Yesterday morning I was at the White House for an historic Washington tradition – the President’s annual Easter Egg Roll.
I went with a good friend and her young son, traipsing through the morning mist along the Ellipse and, after waiting in several lines and security checks, eventually onto the South Lawn.
Attending a White House event these days is a little like a trip to the airport.

We followed along as my friend’s son took part in a variety of activities, starting with the famous Easter Egg Rolling Race itself. The race is a more recent tradition, started in 1974 using spoons from the White House kitchen and eggs hard boiled by White House chefs.
It basically involves pushing an egg with a wooden spoon through the grass to the finish line.
Trust me, not as easy as it sounds.

While we arrived a bit too early to see President Obama and the First Family at the event, we did meet a number of former presidents in attendance.
There was Abraham Lincoln, in the form of one of the Racing Presidents mascots for D.C.’s baseball team, the Nationals.
Reportedly it was Lincoln’s son Tad who started the first informal egg-rolling party at the White House in 1861, just a couple weeks before the Civil War started.

We also ran into President McKinley and First Lady Ida McKinley. I didn’t have the heart to tell her that her husband was destined to be assassinated in 1901, and replaced by his Vice President, Teddy Roosevelt, who happened to also be wandering the White House grounds nearby as part of the Racing Presidents.
Then there was President Rutherford B. Hayes and First Lady Lucy Hayes, who initiated the first official Easter Egg Roll at the White House in 1878.
For several years before that, children had done their egg rolling on the

terraces of Capitol Hill each Easter Monday, until Congress put a stop to all the fun in 1876.
That’s when the stern-looking Indiana Congressman William Steele Holman, chairman of the Committee on Public Buildings and Grounds, led the charge to pass the Turf Protection Law.
It was intended “to prevent any portion of the Capitol grounds and terraces from being used as play-grounds or otherwise, so far as may be necessary to protect the public property, turf, and grass from destruction and injury.”
Basically, it amounted to a cranky Congress telling Washington’s collective youth to get off its lawn.

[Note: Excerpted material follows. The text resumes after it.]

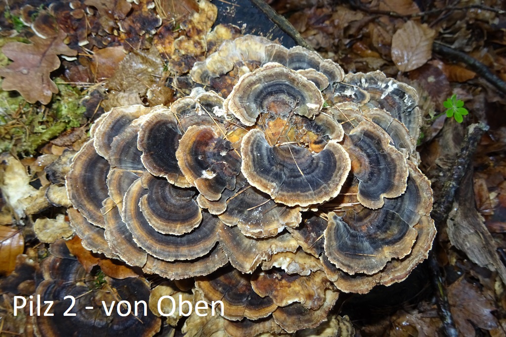 so vom ersten Eindruck sind das alles Schmetterlinge. Wenn diese dunklen, schwarzblauen Linien in der Zonierung auftreten, ist die Schmetterlingstramete eindeutig. Pilz 1 hat noch leichte Chancen Trametes ochracea zu sein, weil diese Zonierung/Linien fehlen. Da müsste dann das Schnittbild für die Bestimmung herhalten...

Two years later, President Hayes reportedly agreed to a request from a group of local boys to hold the event on the South Lawn of the White House instead.
The tradition has continued all the way until today, with only a few notable interruptions, when the National Mall was used instead (World War I, World War II, and the Truman renovation of the White House).
Now with a record 30,000 guests from all over the country, the White House Easter Egg Roll has evolved from its early days as a tradition for just D.C. locals.
Today it’s the largest public event at the Executive Mansion, broadcast live
on TV with musical performances and other activities. Al Roker, Kelly Ripa, and young pop star Willow Smith were some of the big names present this year.
And there were other signs that the Easter Egg Roll has changed with the times.
As part of First Lady Michelle Obama’s Let’s Move! anti-obesity initiative, there was lots of organic fresh fruit and healthy food on hand throughout the event.
For kids who had gorged on their Easter basket candy the day before – and for their tired parents – this was probably a welcome addition to tradition.